TASK TO CARRY OUT: For the material below, set down exactly the lines between the one containing "Загальна площа квартири" and the last line, both included, leaving every picture out.

PROVIDED DATA:
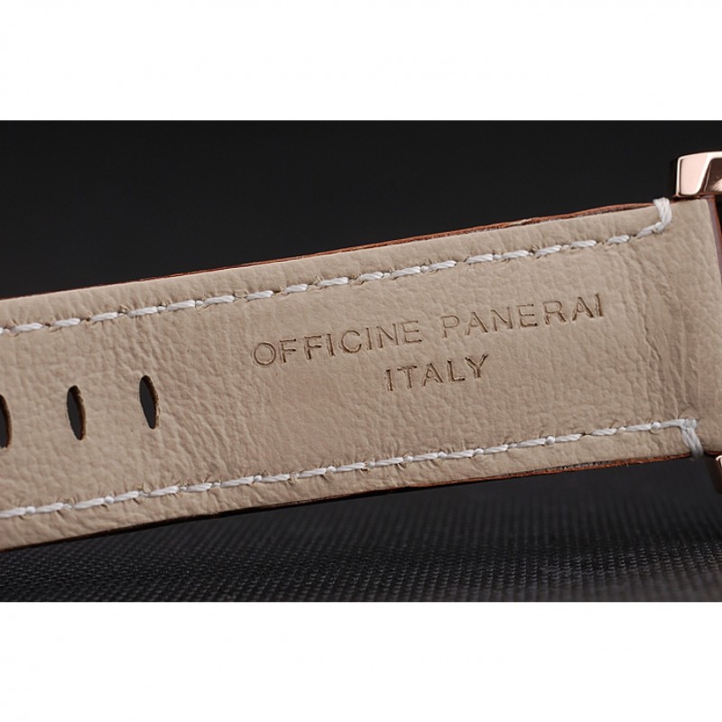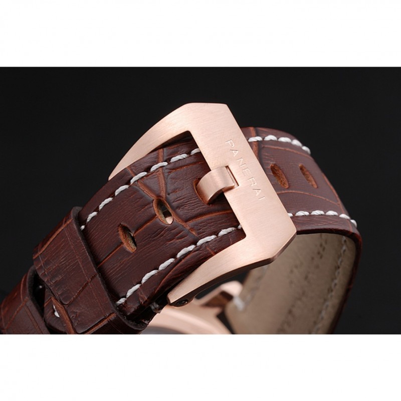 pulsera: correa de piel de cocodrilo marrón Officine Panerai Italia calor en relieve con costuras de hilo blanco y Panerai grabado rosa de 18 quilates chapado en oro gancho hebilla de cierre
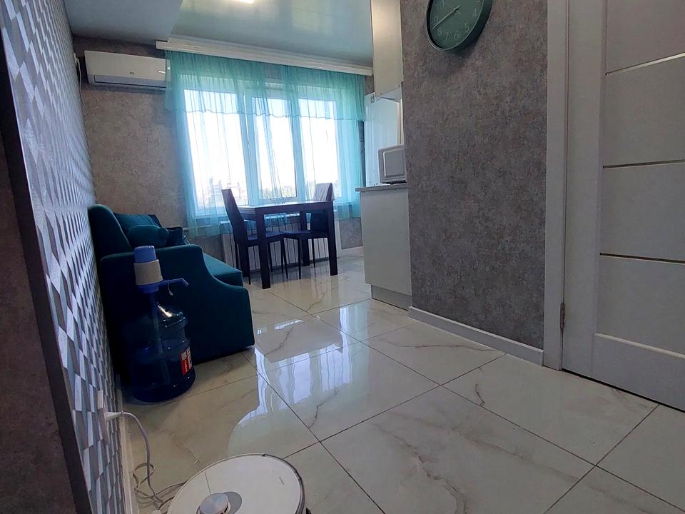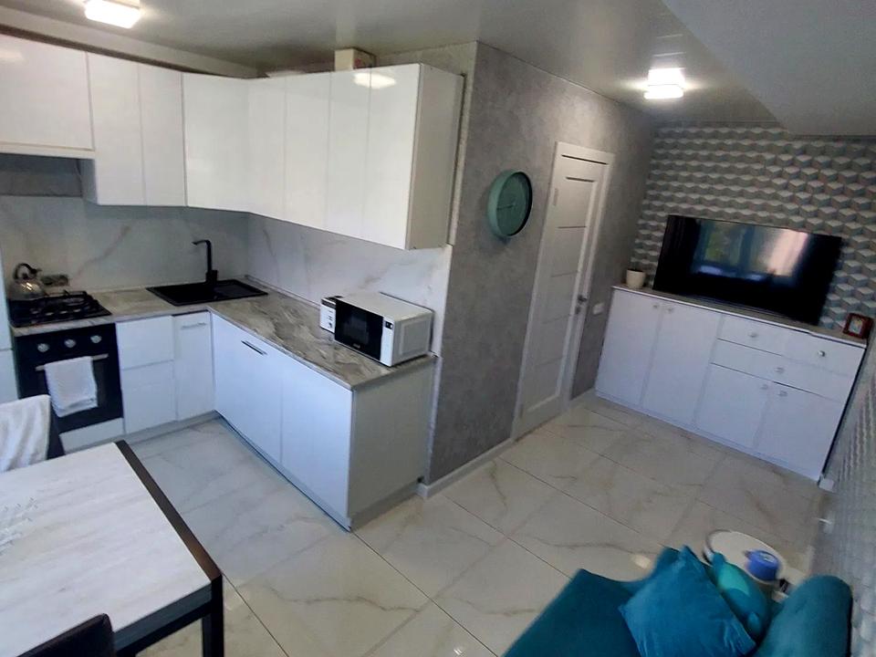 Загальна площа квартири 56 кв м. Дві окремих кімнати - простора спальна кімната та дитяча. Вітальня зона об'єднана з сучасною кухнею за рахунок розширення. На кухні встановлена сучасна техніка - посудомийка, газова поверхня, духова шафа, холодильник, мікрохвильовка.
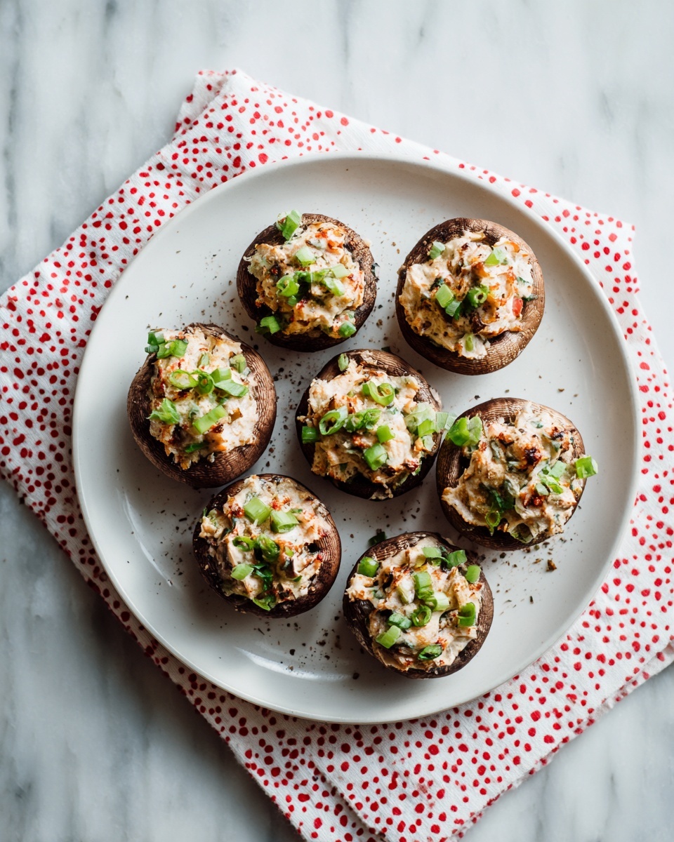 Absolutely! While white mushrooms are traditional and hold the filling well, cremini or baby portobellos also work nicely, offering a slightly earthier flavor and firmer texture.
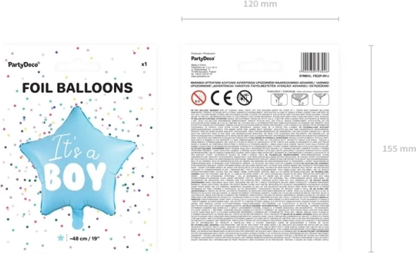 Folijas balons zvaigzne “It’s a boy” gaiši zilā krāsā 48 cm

RESPONSE TO THE TASK:
 Загальна площа квартири 56 кв м. Дві окремих кімнати - простора спальна кімната та дитяча. Вітальня зона об'єднана з сучасною кухнею за рахунок розширення. На кухні встановлена сучасна техніка - посудомийка, газова поверхня, духова шафа, холодильник, мікрохвильовка.
 Absolutely! While white mushrooms are traditional and hold the filling well, cremini or baby portobellos also work nicely, offering a slightly earthier flavor and firmer texture.
 Folijas balons zvaigzne “It’s a boy” gaiši zilā krāsā 48 cm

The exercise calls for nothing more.